Supplied information START
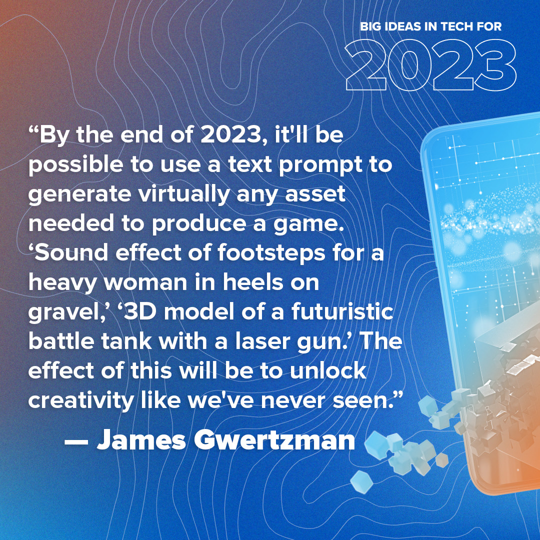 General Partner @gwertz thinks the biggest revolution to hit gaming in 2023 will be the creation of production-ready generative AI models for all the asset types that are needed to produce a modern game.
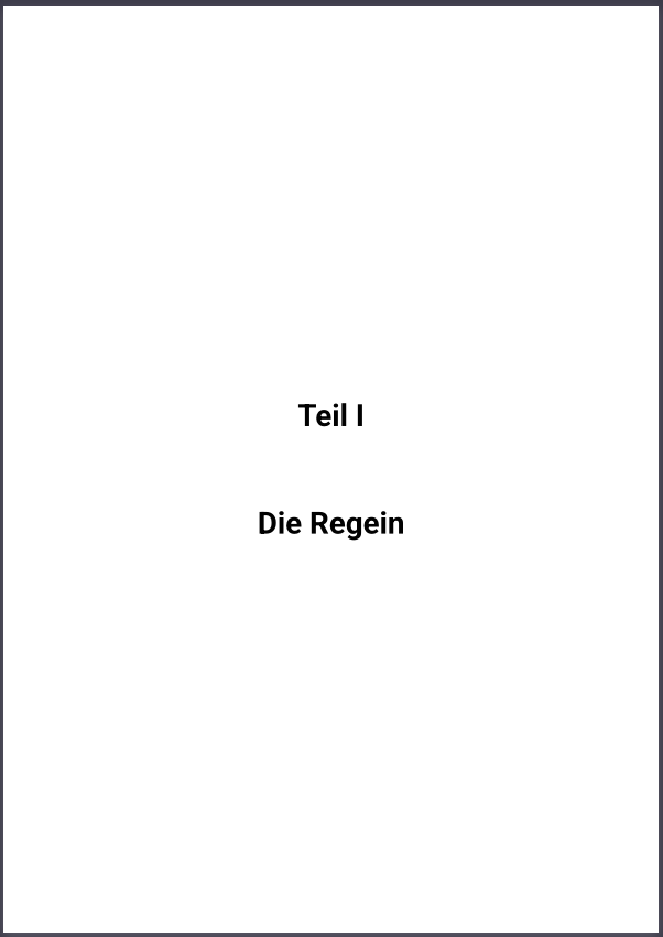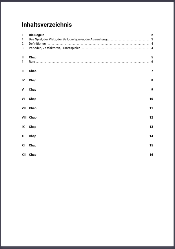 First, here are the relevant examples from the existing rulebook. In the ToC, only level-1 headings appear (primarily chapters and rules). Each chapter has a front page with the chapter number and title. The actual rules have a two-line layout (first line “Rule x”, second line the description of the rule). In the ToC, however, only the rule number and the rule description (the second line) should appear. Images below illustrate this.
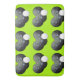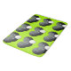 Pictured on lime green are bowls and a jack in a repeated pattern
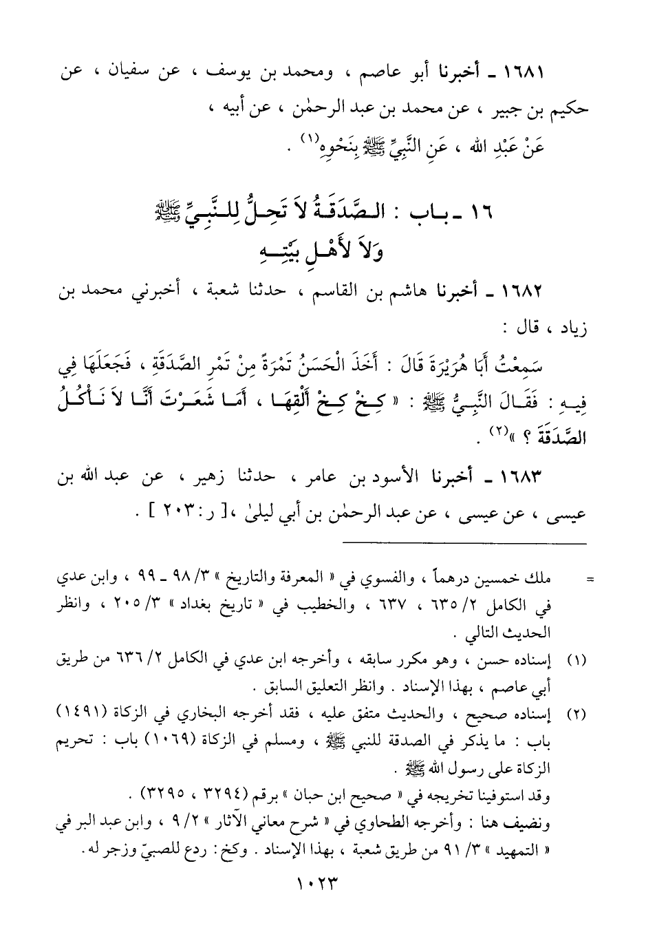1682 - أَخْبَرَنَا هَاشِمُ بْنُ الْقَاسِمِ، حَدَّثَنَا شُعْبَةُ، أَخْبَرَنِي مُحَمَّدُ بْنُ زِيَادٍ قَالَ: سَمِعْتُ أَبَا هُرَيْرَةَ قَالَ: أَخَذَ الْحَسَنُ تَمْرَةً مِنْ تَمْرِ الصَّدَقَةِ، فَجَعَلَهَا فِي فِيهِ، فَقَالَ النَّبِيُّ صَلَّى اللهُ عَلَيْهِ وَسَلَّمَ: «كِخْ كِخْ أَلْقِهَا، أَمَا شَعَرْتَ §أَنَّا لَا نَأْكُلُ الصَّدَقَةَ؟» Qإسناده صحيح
Supplied information END
**Action item**
Give the data above again, exactly, with every picture removed.

**Your response**
 General Partner @gwertz thinks the biggest revolution to hit gaming in 2023 will be the creation of production-ready generative AI models for all the asset types that are needed to produce a modern game.
 First, here are the relevant examples from the existing rulebook. In the ToC, only level-1 headings appear (primarily chapters and rules). Each chapter has a front page with the chapter number and title. The actual rules have a two-line layout (first line “Rule x”, second line the description of the rule). In the ToC, however, only the rule number and the rule description (the second line) should appear. Images below illustrate this.
 Pictured on lime green are bowls and a jack in a repeated pattern
1682 - أَخْبَرَنَا هَاشِمُ بْنُ الْقَاسِمِ، حَدَّثَنَا شُعْبَةُ، أَخْبَرَنِي مُحَمَّدُ بْنُ زِيَادٍ قَالَ: سَمِعْتُ أَبَا هُرَيْرَةَ قَالَ: أَخَذَ الْحَسَنُ تَمْرَةً مِنْ تَمْرِ الصَّدَقَةِ، فَجَعَلَهَا فِي فِيهِ، فَقَالَ النَّبِيُّ صَلَّى اللهُ عَلَيْهِ وَسَلَّمَ: «كِخْ كِخْ أَلْقِهَا، أَمَا شَعَرْتَ §أَنَّا لَا نَأْكُلُ الصَّدَقَةَ؟» Qإسناده صحيح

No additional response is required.